TASK GOAL =>
Each line of the data below goes into the copy exactly; pictures do not.

★ ★ ★

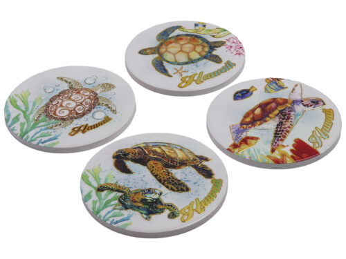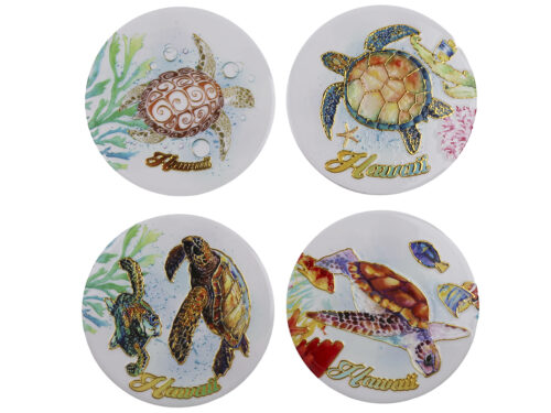 4.25″ Assorted Ceramic Turtle Hawaii Coaster, 4/set, 144/case
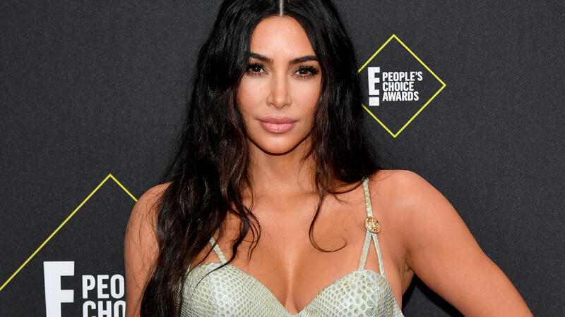 وظهرت "كيم" بإطلالة مذهلة بفستان من الجلد اللامع ونقشة النمر، كما كان الفستان بقصة الباكلس من الأعلى، ونسقت معه حذاء برباطات طويلة ورفعت شعرها الأسود.
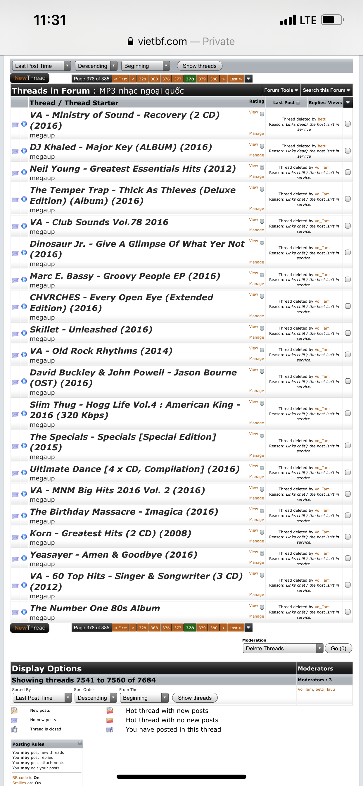 1) Mod phòng nhạc chỉ có tôi, betti và Lavu. Chúng tôi chỉ là Mod nhí ko thể nào xoá bài mất dấu vết. Người có chức năng xoá ngoại trừ Mod cụ là Lavu, và Admin, bác Gibbs. Nhưng Admin, bác Gibbs họ không có rảnh mà vào xoá topic của tôi. Vì nếu muốn làm vậy thì Admin chỉ cần BAN nick tôi thay vì xoá topic tôi và để tôi làm Mod phòng nhạc MP3 làm gì.
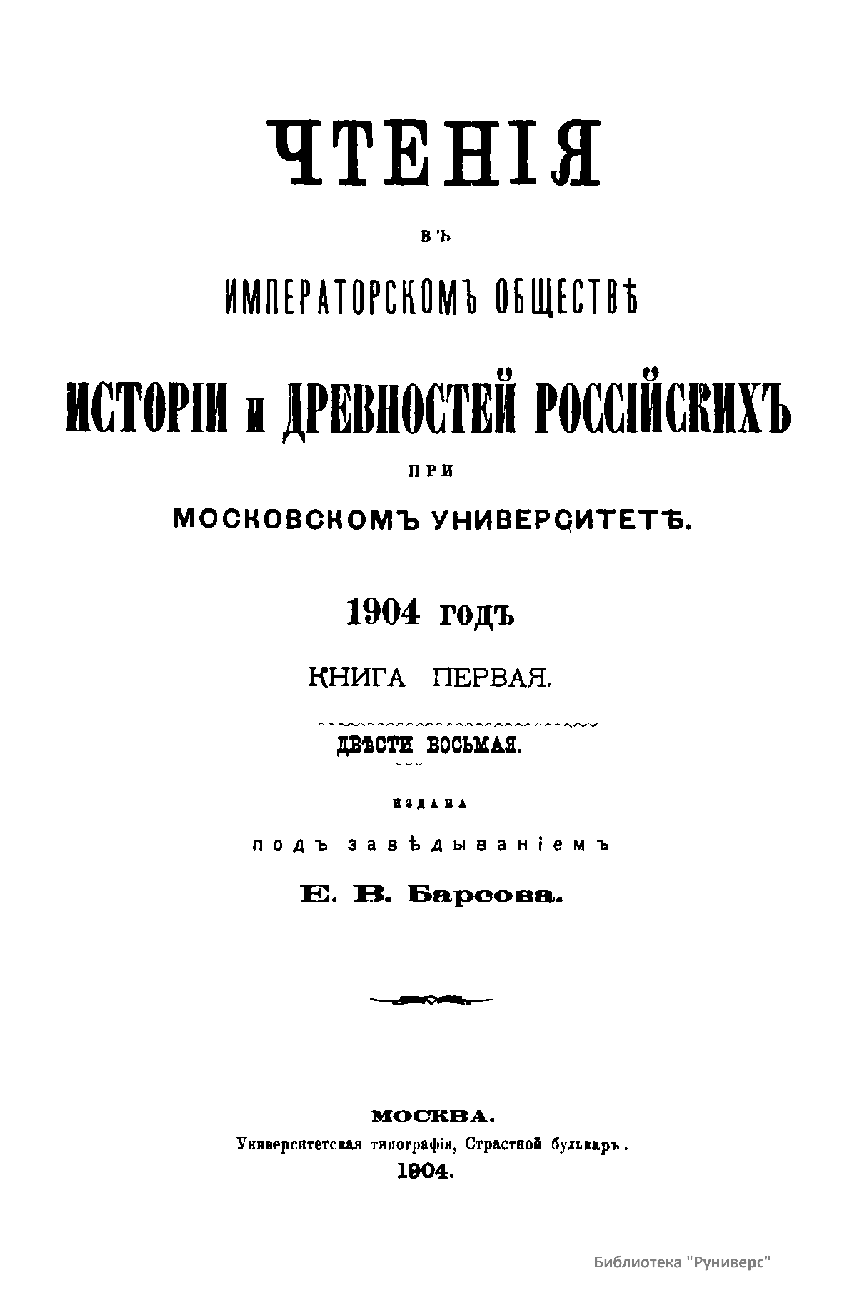 Чтенiя въ Императорскомъ Обществѣ Исторiи и Древностей Россiйскихъ при Московскомъ Университетѣ. 1904 годъ. Книга первая
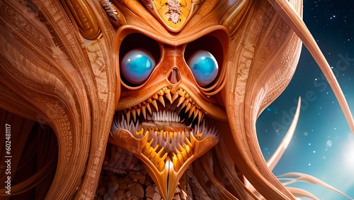 Fototapeta premium Hybrid between human and alien, generative Ai, human, alien, new species, technology, innovation, planet, graffiti, animal
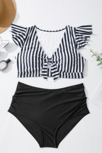 Plus Size Black Stripe Knot Cutout Ruffle Sleeve and High Waisted 2pcs Swimsuit

★ ★ ★

ANSWER FOR THIS EXERCISE =>
 4.25″ Assorted Ceramic Turtle Hawaii Coaster, 4/set, 144/case
 وظهرت "كيم" بإطلالة مذهلة بفستان من الجلد اللامع ونقشة النمر، كما كان الفستان بقصة الباكلس من الأعلى، ونسقت معه حذاء برباطات طويلة ورفعت شعرها الأسود.
 1) Mod phòng nhạc chỉ có tôi, betti và Lavu. Chúng tôi chỉ là Mod nhí ko thể nào xoá bài mất dấu vết. Người có chức năng xoá ngoại trừ Mod cụ là Lavu, và Admin, bác Gibbs. Nhưng Admin, bác Gibbs họ không có rảnh mà vào xoá topic của tôi. Vì nếu muốn làm vậy thì Admin chỉ cần BAN nick tôi thay vì xoá topic tôi và để tôi làm Mod phòng nhạc MP3 làm gì.
 Чтенiя въ Императорскомъ Обществѣ Исторiи и Древностей Россiйскихъ при Московскомъ Университетѣ. 1904 годъ. Книга первая
 Fototapeta premium Hybrid between human and alien, generative Ai, human, alien, new species, technology, innovation, planet, graffiti, animal
 Plus Size Black Stripe Knot Cutout Ruffle Sleeve and High Waisted 2pcs Swimsuit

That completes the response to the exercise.